Y pienso en el concepto de normalidad. O sea, ¿todos somos "normales" hasta que nos dan un poco de poder? O ¿todos somos "normales" hasta que nos dan un uniforme y un morral lleno de lacrimógenas? ¿Todos somos normales hasta que nos encapuchamos?
No sé.
Estoy pensando en voz alta.
Creo que esta situación, obviamente, no tiene nada de normal. Por eso seres "normales" nos transformamos en monstruos en segundos.
Quizás.
El otro día, en la azotea de mi edificio, mi hermano se estrenaba en esta ola de protestas. No había visto a los GNB apoderarse de la Autopista ni bombardear nuestro edificio. Yo fui la primera en decirle cuando intentó lanzar un primer y tímido insulto: "No grites que después nos fumigan". Uno a uno los vecinos se sumaron: "Si. No tienes experiencia. Ya estamos entrenados. No hay que gritarles".
No habían pasado más de 10 minutos de estas exhortaciones cuando un GNB empezó a pelear con uno de mis vecinos. Y todos pasamos, -como un Ferrari-, de absoluta normalidad y compostura al griterío feroz de una turba que está dispuesta a destrozar a quien venga.

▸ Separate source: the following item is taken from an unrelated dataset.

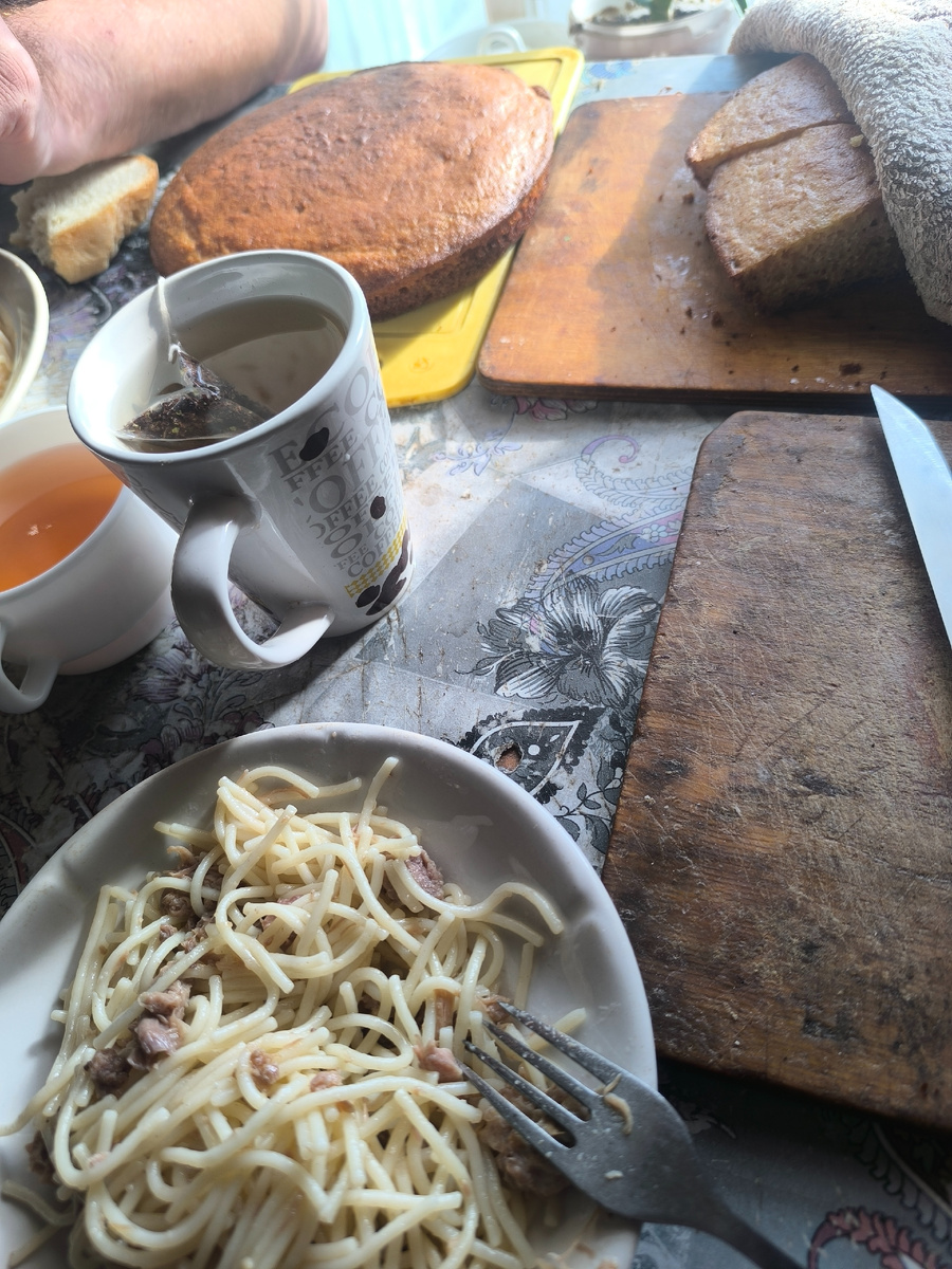 Спагетти с тушенкой (у меня как обычно самая маленькая тарелочка)

El GNB se bajó de la moto. Hizo el ademán de subir. Nadie se rajó. Le gritamos más duro. Buscó algo en un bolso. Yo pensé que sería un revolver, algo más letal. Pensé que si decidían subir no habría hacia dónde correr. Pero no nos intimidamos. Llegó un punto en que mi vecino le gritó: "Ven y pelea con estas dos a ver si tienes bolas". Por supuesto que yo estaba entre "estas dos". Proferí insultos que ni siquiera sabía que sabía.
El GNB lo pensó.
Se fue furioso.
Pero antes disparó 1 bomba lacrimógena en la azotea. Directo contra nosotros que, técnicamente, sólo insultábamos. Se montó en su moto. Iracundo Pero regresó. Del otro lado de la Autopista. Intentaba llevarse a unos manifestantes atrapados en una de las calles de atrás. Gritamos a todo pulmón para defenderlos. Lanzó la segunda bomba y mi hermano casi se asfixió. Pura pimienta. Yo le gritaba: "no corras, no corras". Iba dando tumbos, ciego, chocando contra las columnas. Yo iba detrás de él con apenas un ojo abierto, Polifemo vigilante, para que él no se hiciera mas daño. Le di el Maalox.

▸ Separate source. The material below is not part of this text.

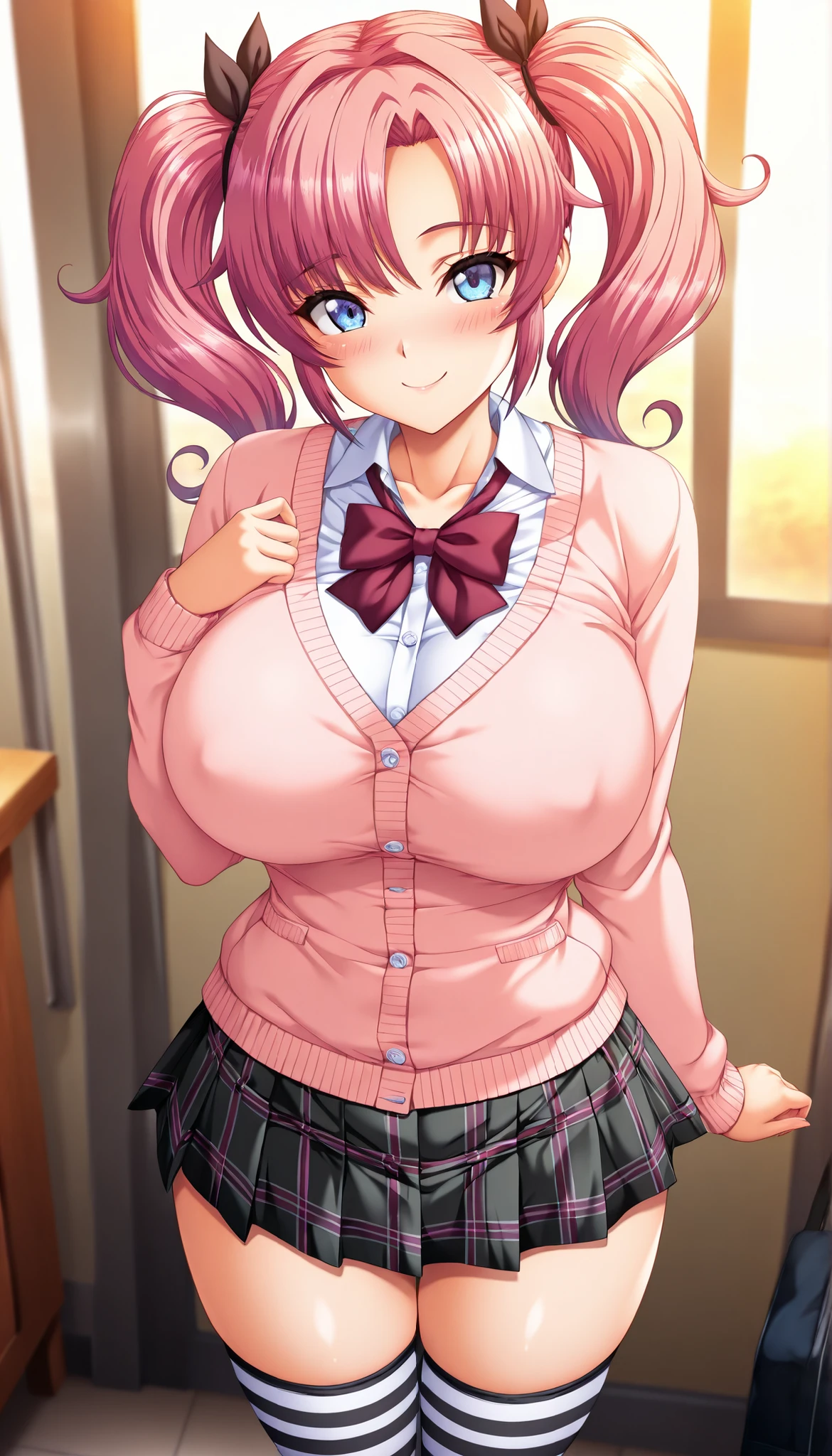 Niijima Neiro, pink hair, twintails, twintails with black bows, blue eyes

Y me miró con cara de estupor.
Si, está desentrenado.
LA NOCHE.
Horas después, ya de noche, salí a dar una vuelta de reconocimiento por Los Chaguaramos, Santa Mónica, Bello Monte, Las Mercedes, Chacao, Altamira, Los Palos Grandes y El Rosal. Algunas barricadas aún ardían. Se notaba la batalla de horas antes. Y entonces observe un piquete enorme resguardado, oculto en la oscuridad en el Distribuidor Altamira. Asechando. Apenas unos metros más allá los ví: 3 muchachos de Resistencia solos a las 9 de la noche defendiendo una barricada.
Me acerqué. Conversé con ellos. No tendrían más de veinte. Y me fui con una angustia de madre. Yo, que nunca he parido, estos días soy madre de todos esos muchachos. Son mis hijos. Nuestros hijos. No logro evitarlo. Los padezco, los sufro como si fueran mis muchachos que aún no han regresado a casa. Ando con el corazón en la boca cuando los veo. Con sus escudos. Con su convicción. Con su derecho a la protesta y a soñar un país mejor. No sabía que esa mamá habitaba dentro de mi. Supongo que así nos sentimos todas, Las que parimos y las que no.

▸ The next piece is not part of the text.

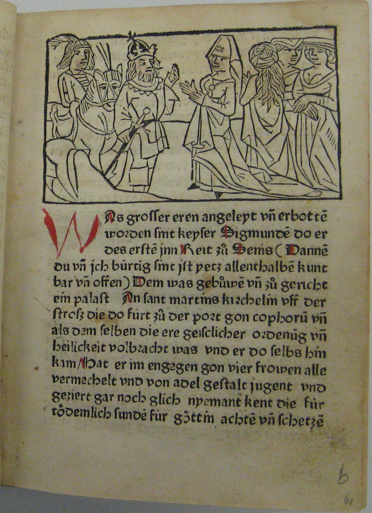 [ Druckansicht ] Zoom: [ + ] [ 1:1 ] [ Standard ] [ - ] [ Abb. vergrößert in extra Fenster öffnen ]Zum Scrollen der Abbildung bitte die unter dem Bild angebrachte Scrollleiste bedienen. Quelle: Karlsruhe, LB, 2 in 42 A 1932, 14 RH (mit freundlicher Genehmigung der LB).Zugeordnet bei:MRFH 21240 [Straßburg: Heinrich Knoblochtzer, um 1477 (vor dem 14. Januar 1478)] (Druckbeschreibung)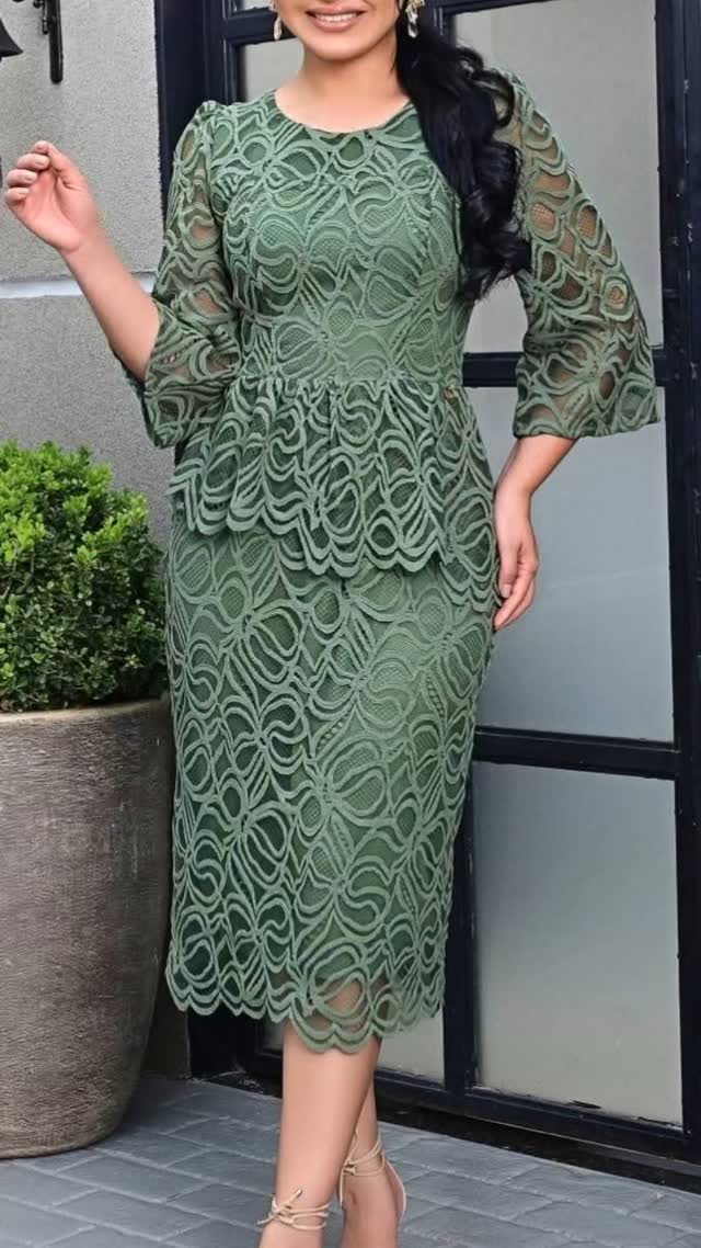 Vestido max mid em renda, manga 3/4, verde no tamanho GG e no azul tamanho XG.

Sólo digo: no permitan que esos, nuestros hijos. Mis hijos. Los que tienen casa y los que viven en la calle, se sientan solos en su lucha. Acompañémolos. Es imperdonable que 3 muchachos con apenas una capucha, un escudo y un par de molotovs estén solos peleando esta pelea. Hay que estar. Ser responsables. Son nuestros hijos.
Nuestros hijos solos en un toque de queda de facto. En un Estado Marcial que ni siquiera aspira ya a disimularlo.